今年の文化祭にお招きした芸人さんは「ザブングル」「ひげ男爵」「かもめんたる」の3組。
個人的に注目していた「かもめんたる」さんのネタを見たが、期待通り質の高いコントだった。
あのだだっ広い体育館の、常時人が出入りし続ける空間で、長めのコントをきっちりやりきるだけでも実力者だということがわかる。
昔、文化祭の芸人さん係を担当していた。
自分がえらいわけではないが、爆笑問題さんやタカアンドトシさんをブレークする前によべたのは今でもちょっとほこらしい。
仕事上、控え室やら舞台袖での彼らのたたずまいや、先輩後輩のふるまい方など、ちょっと身近に垣間見ることができたが、まあ、大変そうでした。ネタづくりももちろん大変なのだろうが、芸人としてふるまうこと、その世界で生きていくこと自体、よほどの覚悟と忍耐強さがないとやっていけないだろうと思えた。
というか、そんな大変さなど何でもないと思えるくらい「お笑い」が好きな人だけが続けていけるのだろう。
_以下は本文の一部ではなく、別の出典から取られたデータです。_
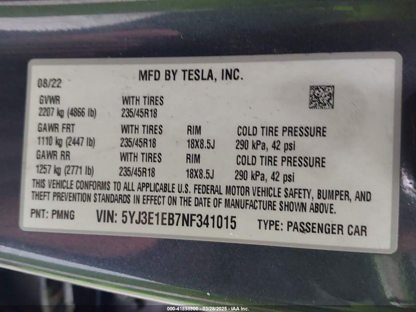 2022 TESLA MODEL 3
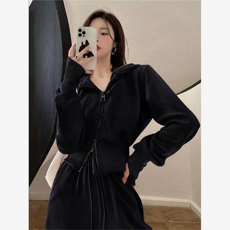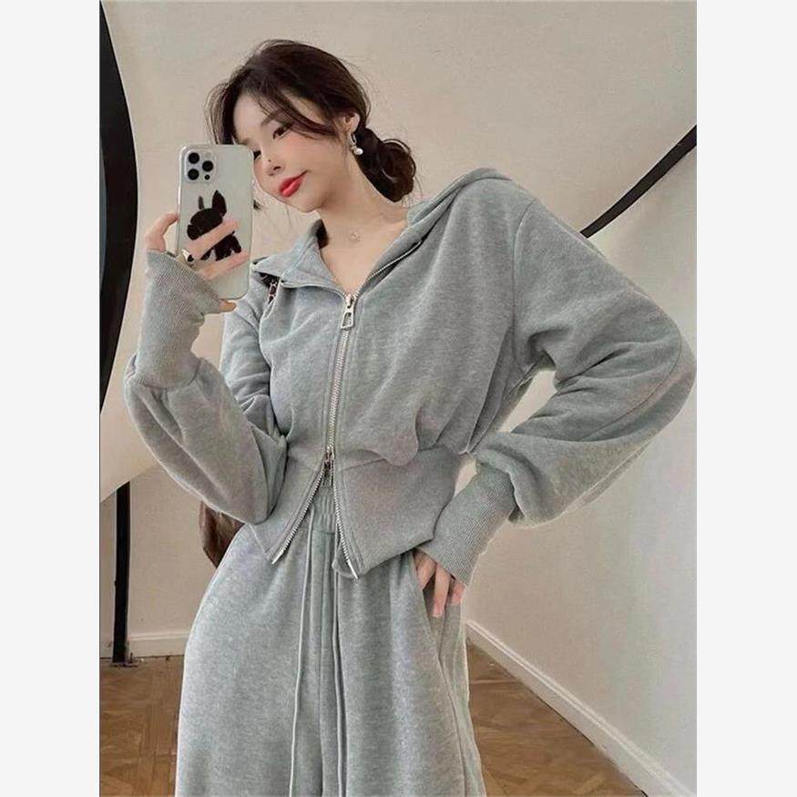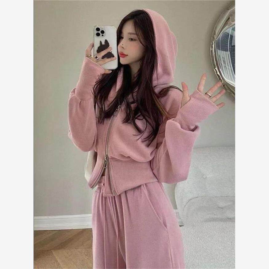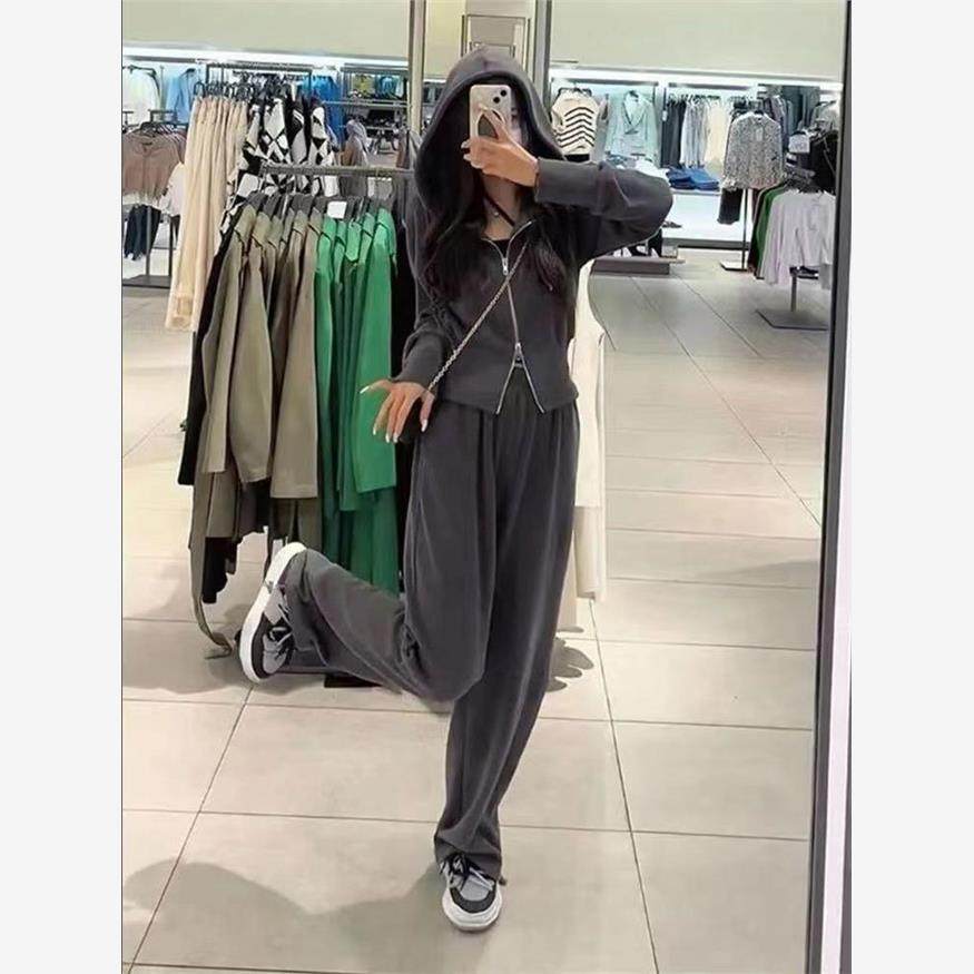 运动套装女2023秋季新款韩版宽松网红休闲卫衣拉链+阔腿裤两件套
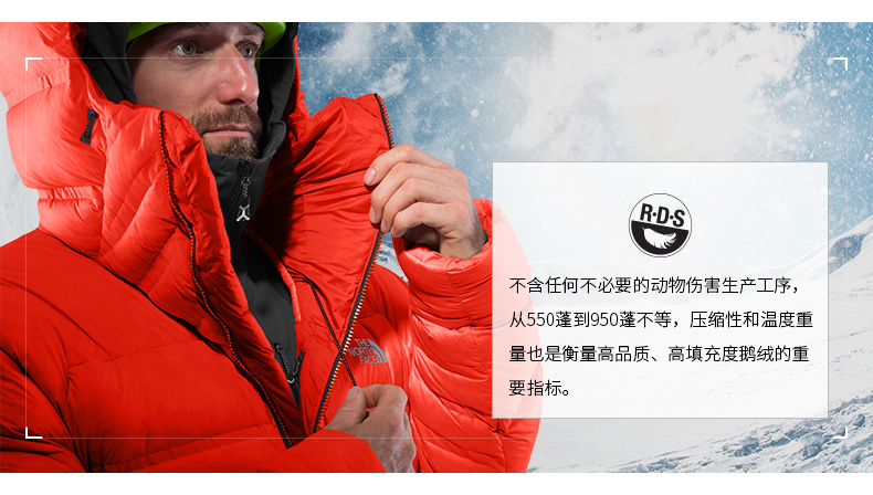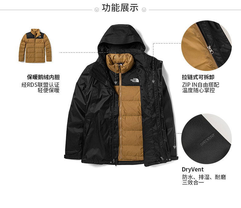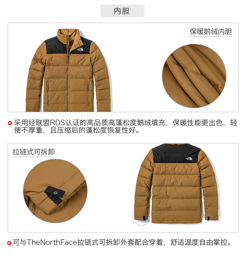 羽绒服内胆采用RDS联盟认证高品质高蓬松度鹅绒填充,压缩后也能快速恢复蓬松状态,轻便不厚重,具有出色的保暖性能。ZIP IN自由穿搭设计,可单独外穿,也可与TheNorthFace部分同尺码的拉链式可拆卸内胆配合穿着。
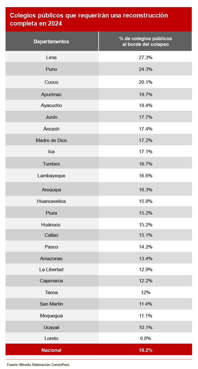 A diciembre de 2024, la infraestructura educativa en el país presentaba una brecha de S/ 158,832 millones. A nivel nacional, el 16.2% de los colegios se encontraba al borde del colapso, y son Lima, Puno y Cusco los departamentos con los mayores porcentajes de instituciones en condiciones críticas.
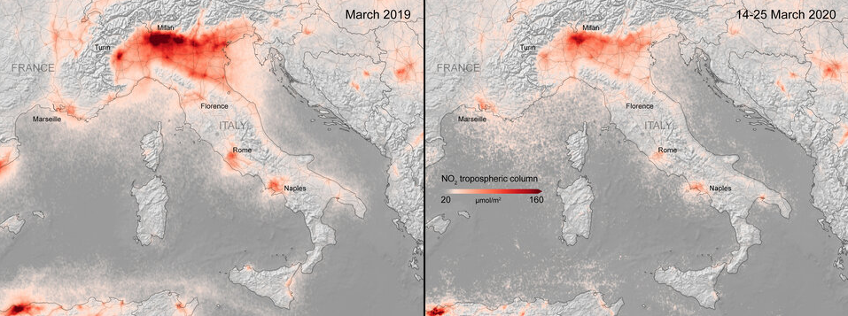 Супутникові знімки показують, як падає рівень забруднення в країнах Європи після того, коли уряди ввели обмежувальні заходи через коронавірус. У Європі нині спостерігається те ж, що раніше в Китаї, коли великі міста були змушені відмовитися від транспорту у зв’язку з карантином.
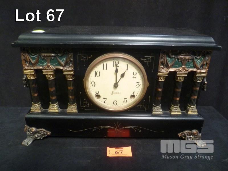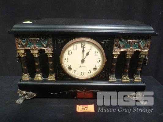 SESSIONS MANTLE CLOCK, BLACK GLOSS TIMBER CASE, WIND UP MECHANISM

「好き」、ではないかな、そうせずにはいられない感覚。
お笑いにかぎらなくても、その仕事をしなければいられない、その仕事をやってない自分は自分ではないという感覚。
伊集院静氏が「週刊文春」のQAコーナーで、「1億貯めて仕事やめたい~」的な読者に、「そんなんでやめれる程度の仕事なら、すぐやめてしまえ」と回答していたけど、その通りだと思う。
かりに芸人として生き残れたとしても、残り方は千差万別だ。
テレビ番組で活躍し日本中どこに行ってもその存在が知られるレベルから、お笑いの仕事だけでは食べていけないレベルまで、ものすごいピラミッド構造になっている。
そうしなければ自分じゃなくなるほどの仕事に出会えても、それで一流になれるかというと、必ずしもそういうわけではない。これも多くの仕事に言えることだろうが。
「自分はあそこまではなれない」という反ユイちゃん的思考をせねばならないこともあるだろう。
~ 漫才で賞を獲りたい、自分達が中心になれるネタ見せ番組をやりたい、そんな夢や希望はなくなった。無理だと分かっている。 … 俺達は南部芸能や他の事務所のライブに出て、たまにクイズ番組やトーク番組に出て、グルメ番組や旅番組のロケに出る。そうしていけば生活はできる。問題を起こさなければ、バイトしないとといけないほどに落ちることもない。子供の頃に憧れた芸人と仕事できることはあっても、彼らのようにはなれない。 (畑野智美『南部芸能事務所』講談社) ~
自分はあのステージには立てないという事実をつくつけられる瞬間というのは、きっと芸人さんなら折々にあるだろう。お芝居や、音楽の方も同じだろうか。
実は自分たちのような仕事でも、そういうのはあるんだけどね。
ああ、おれはこの分野であの先生には絶対にかなわないなとか。
この一点ならなんとかならないか的な健全な野心はいまだに失ってはいないが、実際にはその野心は形にならないまま終わっていくもので、それでも毎月決まったお給料がいただけるというのは、われわれの商売のなんと楽なことだろう。